The standard-error calculations can also be obtained with the summary() function applied to the regression object:

summary(results)

## 
## Call:
## lm(formula = math10 ~ lnchprg, data = meap93)
## 
## Residuals:
##     Min      1Q  Median      3Q     Max 
## -24.386  -5.979  -1.207   4.865  45.845 
## 
## Coefficients:
##             Estimate Std. Error t value Pr(>|t|)    
## (Intercept) 32.14271    0.99758  32.221   <2e-16 ***
## lnchprg     -0.31886    0.03484  -9.152   <2e-16 ***
## ---
## Signif. codes:  0 '***' 0.001 '**' 0.01 '*' 0.05 '.' 0.1 ' ' 1
## 
## Residual standard error: 9.566 on 406 degrees of freedom
## Multiple R-squared:  0.171,	Adjusted R-squared:  0.169 
## F-statistic: 83.77 on 1 and 406 DF,  p-value: < 2.2e-16

Also note that, by default, summary() reports two-sided hypothesis tests whose null hypotheses are $\beta_0 = 0$ and $\beta_1=0$.
In other words, it tests whether the estimated coefficients are statistically equal to zero and reports the corresponding t statistics and p-values.
In this case, the p-values are extremely small (<2e-16, that is, smaller than $2 \times 10^{-16}$), so we reject both null hypotheses and conclude that the estimates are statistically significant.
We can also compute these statistics by hand:

# Extract the estimated coefficients
( estim = coef(summary(results)) )

##               Estimate Std. Error   t value      Pr(>|t|)
## (Intercept) 32.1427116 0.99758239 32.220609 6.267302e-114
## lnchprg     -0.3188643 0.03483933 -9.152422  2.746609e-18

# t statistics for H0: bhat = 0
( t_bhat_0 = (estim["(Intercept)", "Estimate"] - 0) / estim["(Intercept)", "Std. Error"] )

## [1] 32.22061

( t_bhat_1 = (estim["lnchprg", "Estimate"] - 0) / estim["lnchprg", "Std. Error"] )

## [1] -9.152422

# p-values for H0: bhat = 0
2 * (1 - pt(abs(t_bhat_0), n-1)) # p-value for bhat_0

## [1] 0

2 * (1 - pt(abs(t_bhat_1), n-1)) # p-value for bhat_1

## [1] 0

Assumption Violations

Subsection 2.7.3 of Heiss (2020), but using the material from Worked Example 1.
Simulating a linear model (John Hopkins/Coursera)
In practice, we run regressions using observed data and do not know the true model that generated those observations.
In R, however, we can posit a true data-generating process and simulate observations to study what happens when an econometric assumption is violated.
We will use the example from Worked Example 1, where we want to study the relationship between hours of cooking practice and the number of kitchen burns.

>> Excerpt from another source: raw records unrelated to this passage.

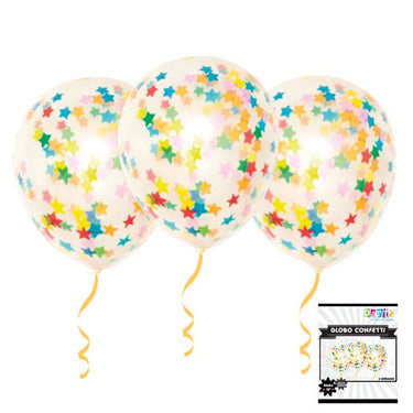 El pack incluye 6 globos con valvula que contienen confeti estrella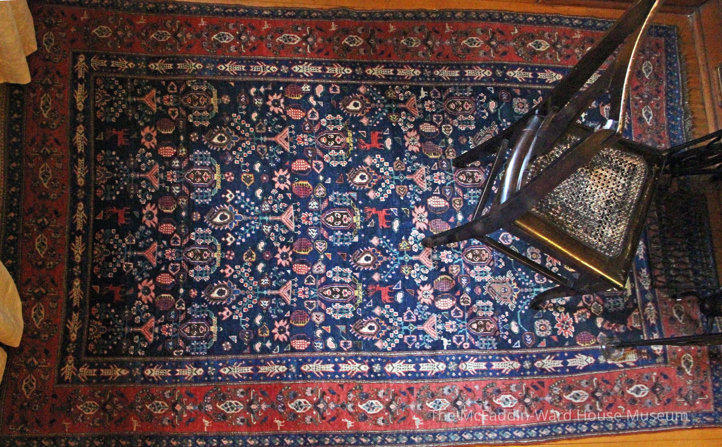 Kurdish tribal rug, wool, deep blue field with all-over pattern of red deer, botah (paisley), flowering trees, and rosettes, surrounded by fish and scarlet border of small birds and botahs, outlined with "barber-pole" effect.Made/Created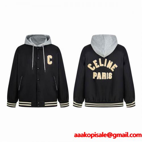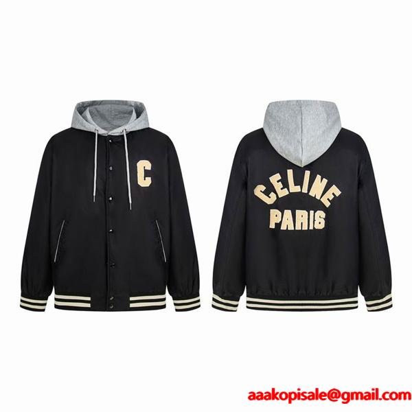 > メンズファッション > ジャケットパーカセーター > 都会的なムード漂う 2025秋冬新作 フーディ付き ブラック スタジャン セリーヌ CELINE スーパーコピーモード感とスポーティーさを融合したトレンドスタイル。CELINE コピー ジャケットは、グレーフーディを組み合わせた立体的デザインが特徴の高品質N級品。背面の「CELINE PARIS」ロゴが存在感を放ち、スーパー コピー仕様の優良仕立てで快適な着心地を実現。セリーヌ 偽物 アウターとは思えない上質感で、軽やかに羽織れる万能アイテム。激安通販でも人気上昇中のCELINE コピー ジャケットは、カジュアルながらも洗練された印象を与えます。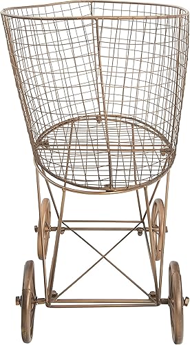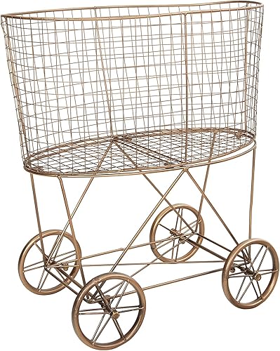 Creative Co-Op Vintage Reproduction Decorative Metal Laundry Basket on Wheels, Copper(Copper)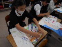 2組では、図工科で自画像を描いています。まずは、自分の顔をよく見て半顔を描きます。さて、残りの半顔はどうなるのか楽しみです♪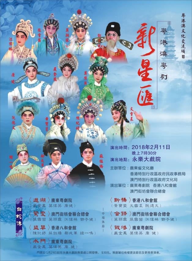 二零一八年度粤港澳文化合作项目 “粤港澳粤剧新星汇”,将由粤港澳三地青年粤剧新秀携手合作,共同演绎长剧《白蛇传》,于一月至二月期间分别在广州、香港和澳门三地巡演。澳门场次演出将于二月十一日晚上七时三十分假永乐大戏院公演,欢迎市民购票欣赏。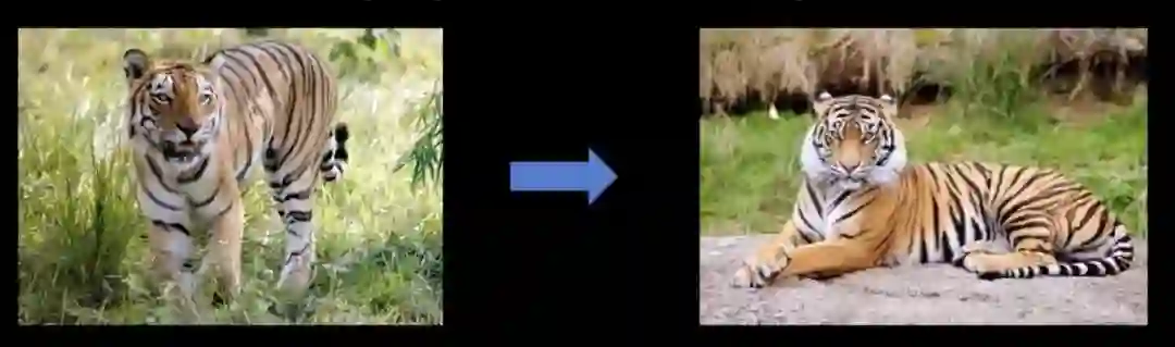 我们看到一只站着的老虎时,自然很容易就能想象出它躺着的样子,这就是图像到图像的转换,即将一个场景的可能表示转换成另一个场景。然而我们能够想像出来是因为我们拥有联想的能力,可以根据其他动物平躺的姿势想像出老虎平躺的样子,然而对于机器来说就不那么简单了。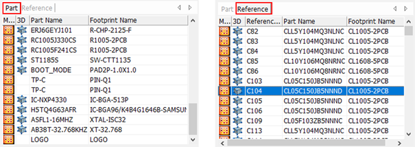 - Search: Search components by Part Name or Reference Name.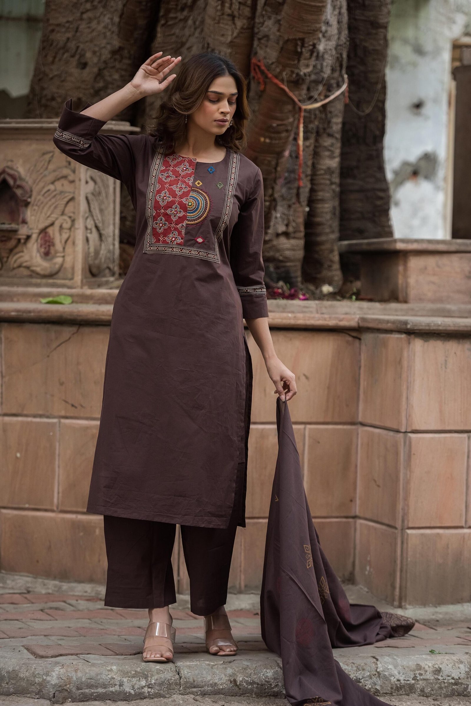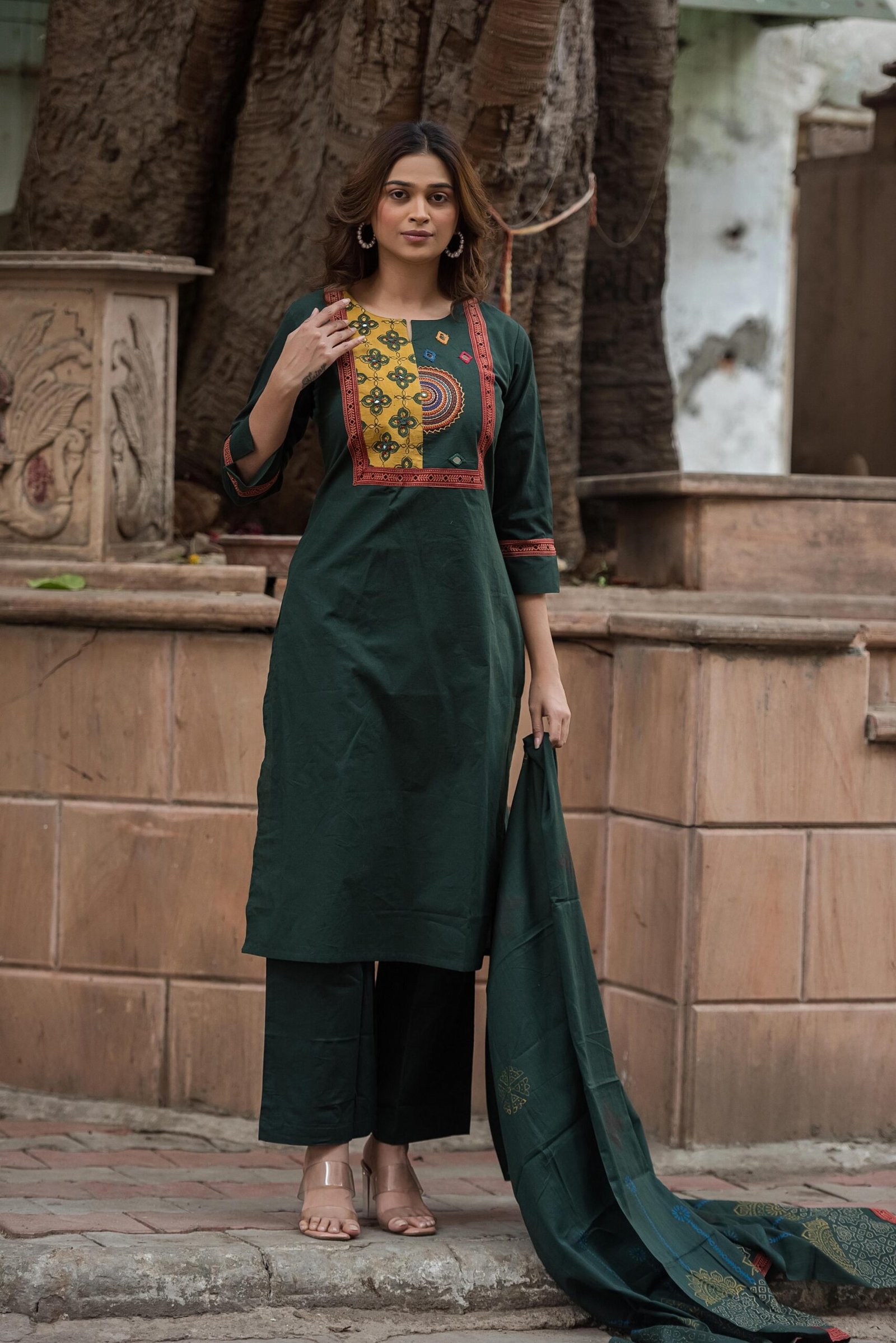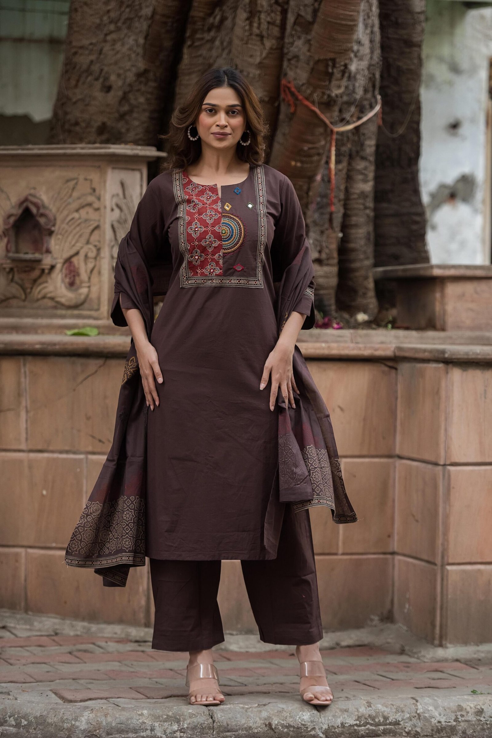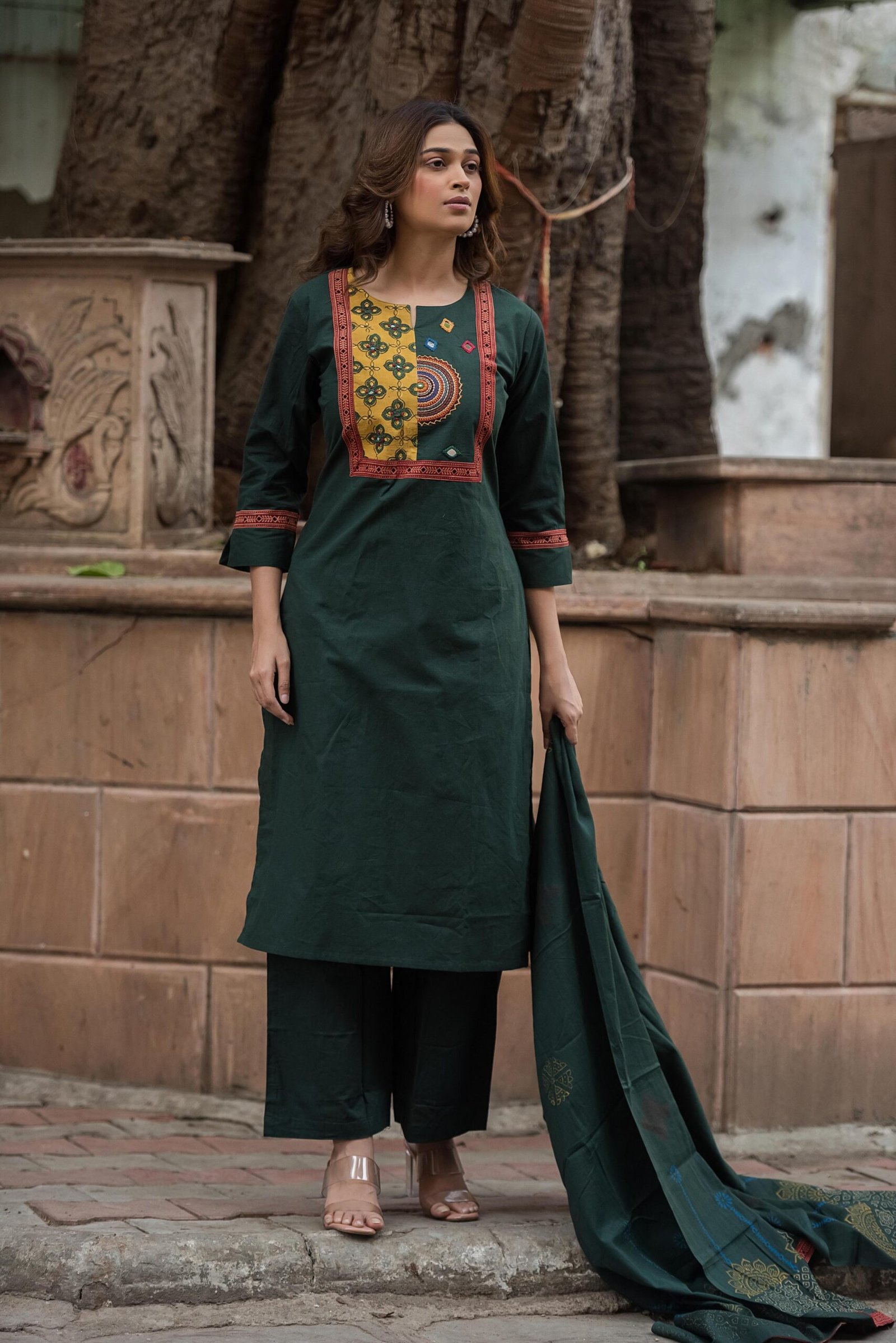 The DU-003 Gamthi 3PC Suit Set is a celebration of rich Indian heritage and handcrafted detailing. Crafted from breathable cotton fabric, this ensemble offers all-day comfort while showcasing traditional artistry.

No Assumption Violation: Example 1

Let $y$ denote the number of kitchen burns and $x$ the number of hours spent learning how to cook.
Suppose the true model is $$ y = a_0 + b_0 x + \varepsilon, \qquad \varepsilon \sim N(0, 2^2) \tag{1}$$ where $a_0=50$ and $b_0=-5$.

Set $a_0$ and $b_0$, then simulate observations of $x$ and $y$.
- For convenience, we generate random draws from $x \sim N(5; 0.5^2)$. Here, the specific distribution of $x$ is not important.

a0 = 50
b0 = -5
N = 200 # number of observations

set.seed(1)
u = rnorm(N, 0, 2) # disturbances: 200 obs. with mean 0 and sd 2
x = rnorm(N, 5, 0.5) # 200 obs. with mean 5 and sd 0.5
y = a0 + b0*x + u # compute y from u and x

plot(x, y)

These simulated $x$ and $y$ values are the information we would observe in practice.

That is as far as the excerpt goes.